Data excerpt:
- Opening Delimiter -
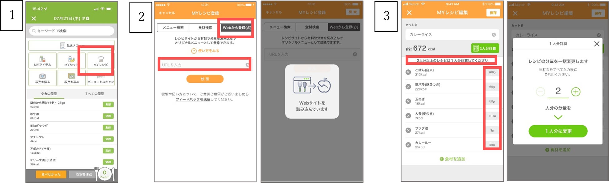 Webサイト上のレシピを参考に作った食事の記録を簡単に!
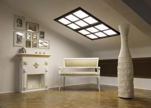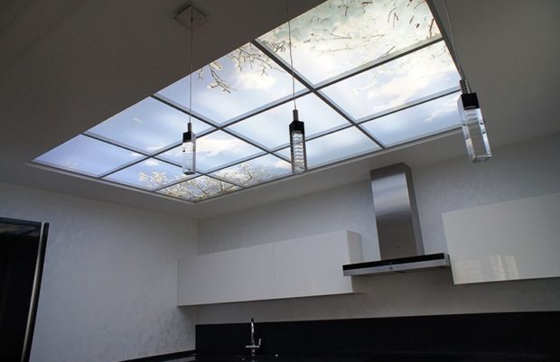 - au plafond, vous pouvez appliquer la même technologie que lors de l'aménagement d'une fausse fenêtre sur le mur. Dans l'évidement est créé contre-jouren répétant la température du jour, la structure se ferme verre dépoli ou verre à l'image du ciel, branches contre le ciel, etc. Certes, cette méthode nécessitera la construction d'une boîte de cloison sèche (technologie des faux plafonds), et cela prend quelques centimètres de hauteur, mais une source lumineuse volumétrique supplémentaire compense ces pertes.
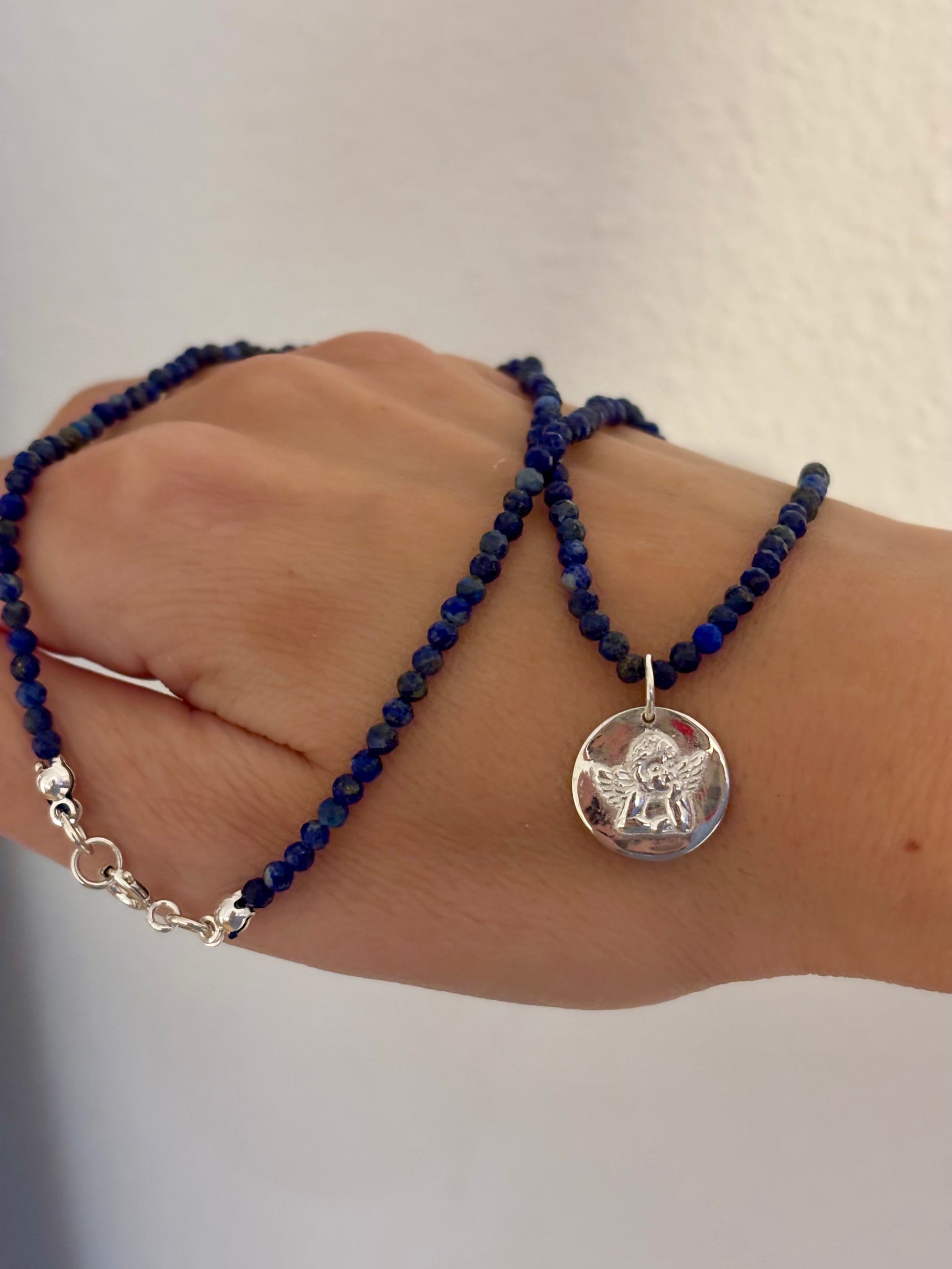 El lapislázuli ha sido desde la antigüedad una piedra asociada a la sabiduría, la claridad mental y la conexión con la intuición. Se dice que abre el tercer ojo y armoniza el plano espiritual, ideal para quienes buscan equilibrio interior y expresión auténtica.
- Closing Delimiter -
Task: Leaving every picture out, repeat each line of the material exactly.

Result of this exercise:
 Webサイト上のレシピを参考に作った食事の記録を簡単に!
 - au plafond, vous pouvez appliquer la même technologie que lors de l'aménagement d'une fausse fenêtre sur le mur. Dans l'évidement est créé contre-jouren répétant la température du jour, la structure se ferme verre dépoli ou verre à l'image du ciel, branches contre le ciel, etc. Certes, cette méthode nécessitera la construction d'une boîte de cloison sèche (technologie des faux plafonds), et cela prend quelques centimètres de hauteur, mais une source lumineuse volumétrique supplémentaire compense ces pertes.
 El lapislázuli ha sido desde la antigüedad una piedra asociada a la sabiduría, la claridad mental y la conexión con la intuición. Se dice que abre el tercer ojo y armoniza el plano espiritual, ideal para quienes buscan equilibrio interior y expresión auténtica.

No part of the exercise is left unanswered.